The Sagano bamboo forest grows on the outskirts of Kyoto near the Tenryu-Ji temple, in Kyoto, Japan. It is a quiet place in nature with a series of paths full of tourists where, if we manage to leave aside the sounds of visitors and their cameras, it will be possible to hear the rustling, creaking, and swaying of one of the most emblematic soundscapes of Japan. So much so that it has been recognized at a governmental level.
The Arashiyama (in northwestern Japan) region experiences unpredictable weather with a rather cool climate and bright sunlight. Here, summers are characterized as short, hot, and mostly cloudy. And winters are very cold, windy, partly cloudy, and mainly characterized by year-round humidity.
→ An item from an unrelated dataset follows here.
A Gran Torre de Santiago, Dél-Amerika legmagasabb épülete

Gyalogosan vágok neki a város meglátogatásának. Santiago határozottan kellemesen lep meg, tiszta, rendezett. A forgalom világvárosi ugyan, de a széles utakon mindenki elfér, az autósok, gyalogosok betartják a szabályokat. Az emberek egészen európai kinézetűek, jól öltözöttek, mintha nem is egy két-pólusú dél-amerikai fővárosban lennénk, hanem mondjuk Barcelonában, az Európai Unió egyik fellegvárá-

The dreamlike bamboo forest contrasts with the urbanity that surrounds it, making it seem like a dreamlike place amid reality. Its wooden paths intertwine with the dense thicket of tall bamboo stalks that reach dozens of meters, creating a canopy that blocks much of the sunlight, except for those lucky rays that manage to sneak through the thick landscape, creating an almost poetic atmosphere.
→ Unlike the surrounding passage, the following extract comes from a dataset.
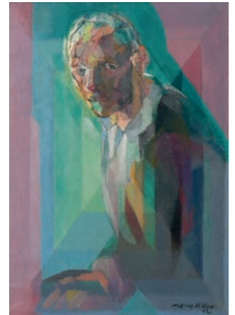
8 Jacques Villon, Portrait de l'artiste , 1942, huile sur toile, 92 x 65 cm New York, collection Shirley Hazzard Steegmuller Photographie D. James Dee Adagp Paris 2011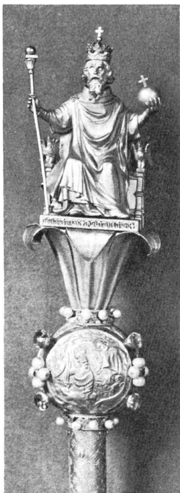
Fig. 9. Haut du sceptre « de Charlemagne » qui est de Charles V.

sceptre (première mention dans l'inventaire de ce roi, † 1380; cf. Pierre Verlet, La galerie d'Apollon et ses trésors , Paris, 1947, p. 19) et qui y mit son saint patron (quoique en réalité Charlemagne ne soit pas saint pour Rome; il fut fait tel par l'antipape Pascal III). Cependant le trône avec ses 2 aigles et ses 2 lions semble inspiré d'une composition faite par Jean II son père (cf. infra). Les rois auront ce sceptre sur les tableaux d'apparat (Louis XIV, XV) mais on trouvera aussi un petit sceptre doré terminé par une double fleur de lis en carré (cf. Félibien qui en donne plusieurs) qu'ils tiendront renversé, lis en bas, comme un vulgaire bâton de commandement, au mépris de la symbolique. Charles X fera de même sur un tableau de Gérard à Versailles (fig. 10), mais reprendra le sceptre de Charlemagne sur le tableau où il est couronné (par Ingres, musée de Bayonne). Il semble que ce soit Henri IV qui ait été responsable de ce petit sceptre, lors de sa commande des regalia pour le sacre de Chartres, les emblèmes normaux étant détenus à Paris par la Ligue.

Over 50 varieties of bamboo grow in this unique ecosystem. Some of these varieties grow more than 20 meters high, making the light varies and offering various color effects depending on the time of day. At night the forest is illuminated and provides spectacular contrasts.
But the light is not the only attraction of the site, the soundscape is too. If you pay attention to your surroundings, you will notice that when the wind blows through the plants, the wood bends and creaks, creating a natural symphony. The leaves also do their own thing and bring their sounds to the landscape, coupled with the clashing of the bamboo trunks against each other, a sound that is unlike anything we have ever heard.
This meditative natural noise is so enchanting that Japan’s Ministry of the Environment designated the aural delights of this place as one of Japan’s 100 Soundscapes. This initiative was designed to encourage local people to get out and appreciate the acoustic wonders of the country.
If you manage to find a moment to visit the bamboo forest when it is empty, the combination of visual beauty and aural calm combine to offer a once-in-a-lifetime experience.